December 22, 2016
By Roshanak Asteraki
Five ministers in President Rouhani’s cabinet have been accused of illicit affairs with a female journalist. In comments posted on his Telegram channel last week, Hossein Allahkaram, head of Tehran’s Ansar-e Hezbollah chapter, claimed that in her latest confession, Ms A.Ch., who has been convicted of espionage, has named four other cabinet ministers with whom she had committed immoral acts. The disclosure of her relationship with Ali Jannati, forced the resignation of the former culture minister.
Allahkaram was referring to newspaper columnist, Afarin Chitsaz, who was arrested in November 2015 by the intelligence branch of the Islamic Revolutionary Guards Corps (IRGC) and sentenced to ten years in prison for “collaboration with foreign governments”. She was also charged and convicted in April 2016 of “assembly and collusion against national security”. In an interview with International Human Rights in Iran, Chitsaz’s mother, Maryam Azadpour, said that her daughter had been kept in solitary confinement for six months, tortured, and forced to confess under duress to crimes she had not committed.
Since its early days, the regime’s tactic of choice for discrediting opponents has been to accuse them of being corrupt and perverted. For many years after the revolution of 1979, leaders of the Islamic republic criticised Mohammad-Reza Shah Pahlavi and his family for being morally corrupt. In an interview with the state-run TV in 1987, Hossein Fardoust, a childhood friend of the late Shah, and former deputy chief of Iran’s powerful intelligence agency SAVAK, denounced the Shah, the royal court, and the “corruption” of the government he had served in. The interview was undoubtedly scripted by the Islamic republic’s intelligence agencies. In his memoirs published posthumously, Fardoust levelled the same accusations against the Pahlavi family and their rule. Fardoust was one of the few generals in the Iranian military who did not flee the country after the revolution. It was rumoured that he had defected and helped the Islamic republic set up its intelligence agency, SAVAMA.
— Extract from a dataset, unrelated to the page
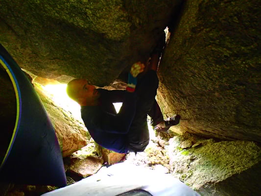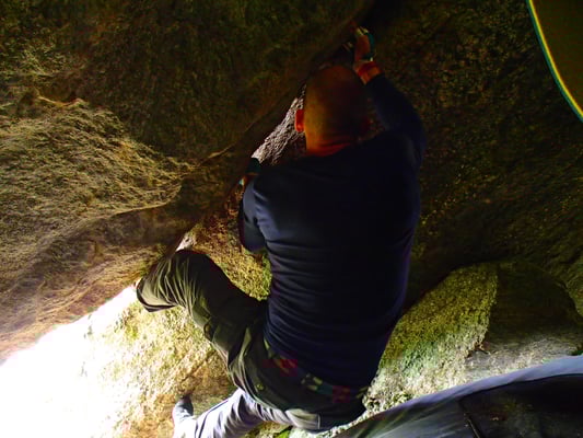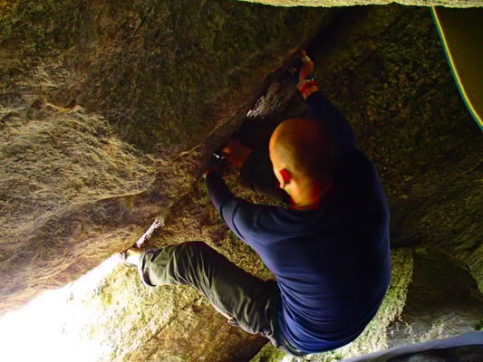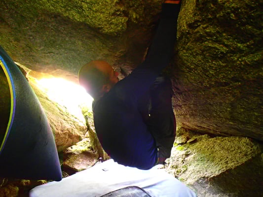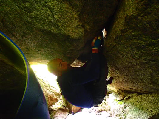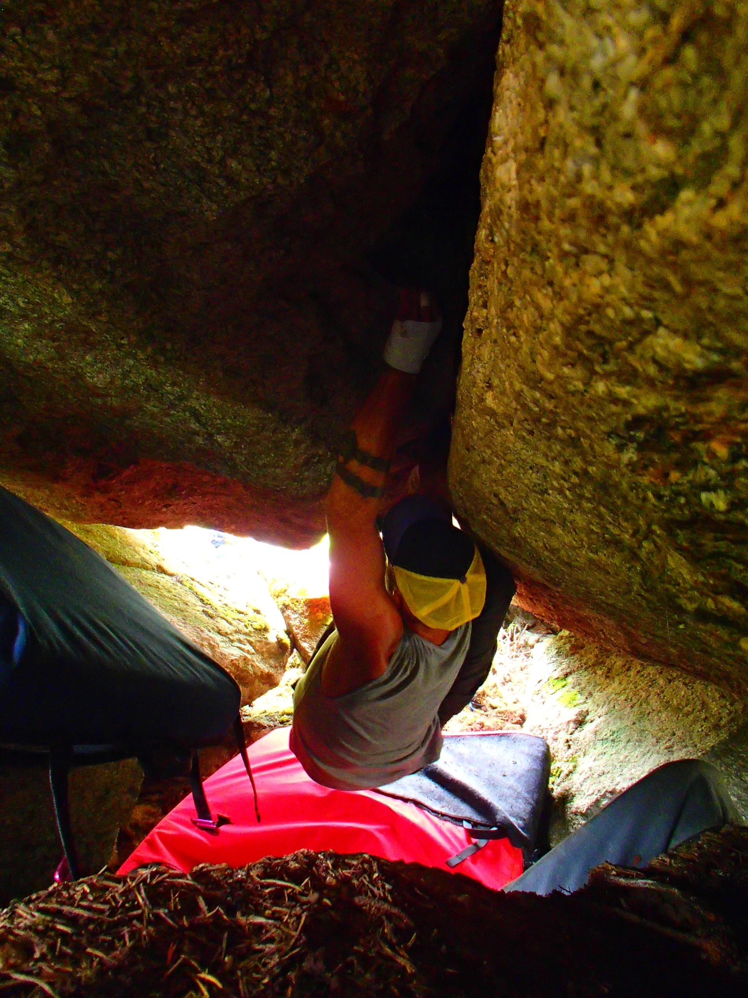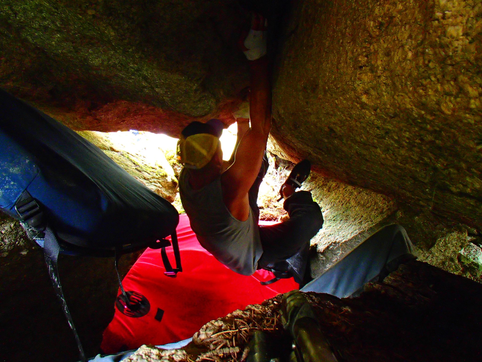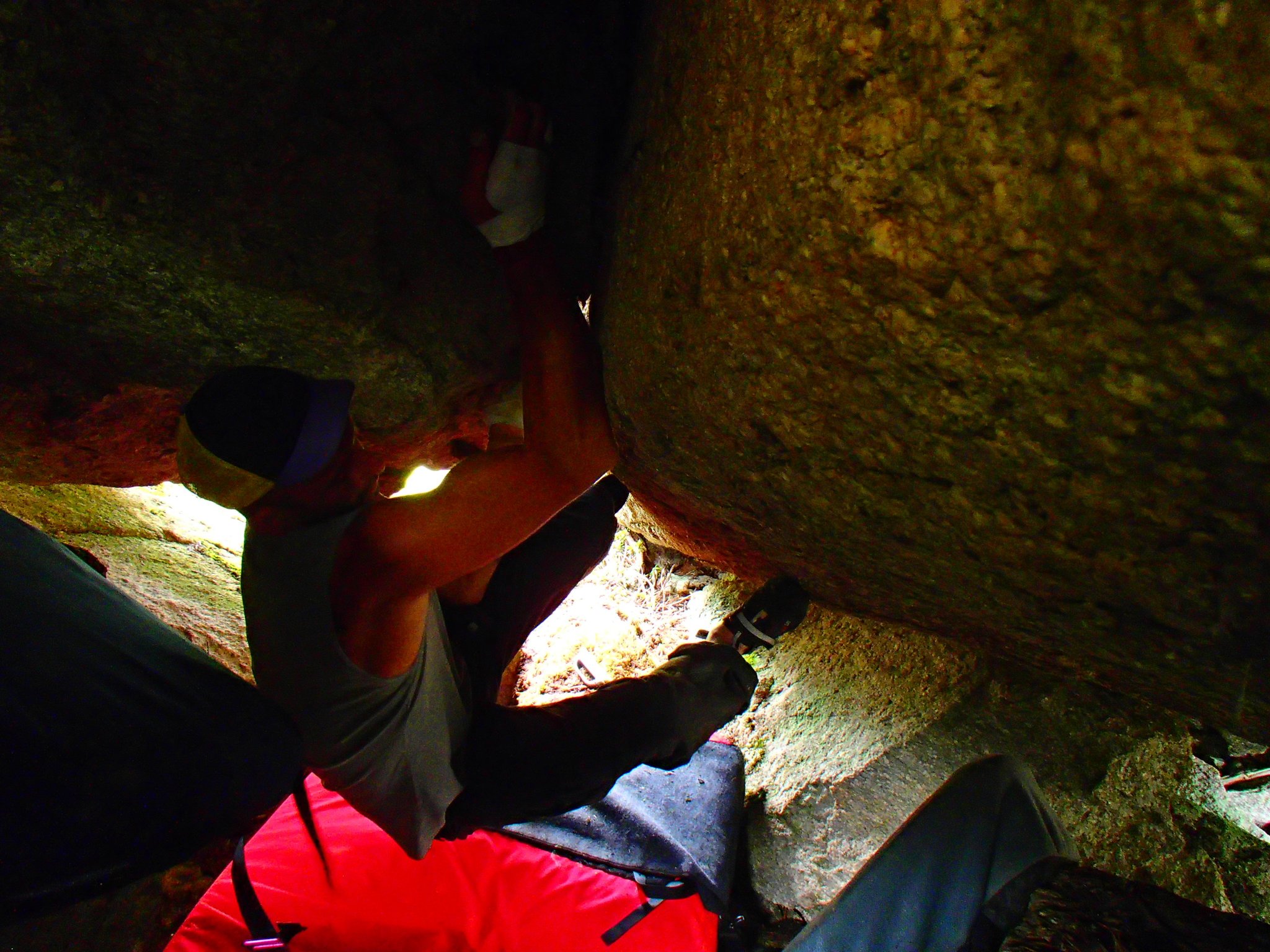 Für die einzelnen Züge muss viel Kraft eingesetzt werden, dazu darf die Körperspannung natürlich nie aussetzen. Eine Kombination, die beim verkeilen zwischen den beiden Felsen auch sehr schmerzhaft werden kann!

In the1990’s the regime unchained its intelligence apparatus. It eliminated enemies with impunity until the shocking revelations about Saeed Emami, Iran’s deputy minister of intelligence, who was accused of independently organising assassinations of dissidents, in what became known as the “chain murders”. Emami’s sudden and mysterious death in prison, saved the regime from certain embarrassment. The video clips of the interrogations of Emami’s family revealed regime’s brutal tactics of accusations, humiliation, and torture used to extract confessions.
The Islamic republic discredits intellectuals through character assassination. In a number of cases, dead bodies of dissidents were discovered in compromising positions with authorities claiming “ damning proof that their liberal and depraved life style had been their undoing”.
The regime has reserved its venomous bite not only for dissidents but also for reformists within its own ranks. Staunch conservatives tried to undermine former President Mohammad Khatami’s efforts to open up Iran through “dialogue between civilisations” initiative by describing it as pro-West. They also targeted Khatami’s culture minister, Attaollah Mohajerani, who had allegedly entered into a number of temporary marriages (Sigheh), forcing him to resign. Mohajerani was one of the first victim’s of the regime’s current method of sidelining opponents, namely by accusing them of moral corruption.
The attacks have not been directed only at those in the reformist camp. Esfandiar Rahim Masha’i and Hamid Baqaei, former President Mahmoud Ahmadinejad’s Chief of Staff, and Vice-President for executive affairs, have also been accused of carrying on illicit affairs with their language tutor.
The most recent rumours about the adulterous relationship between five ministers in President Rouhani’s cabinet and a female journalist is just the latest attempt by the regime to shame and embarrass its foes within the ruling oligarchy. It is ironic that the so-called “sacred” regime that lectures the world on morality and ethics, stops at nothing to destroy the reputations and lives of its opponents. There will probably be more revelations, rumours, accusations, and scandals between now and the upcoming presidential elections on May 19, 2017.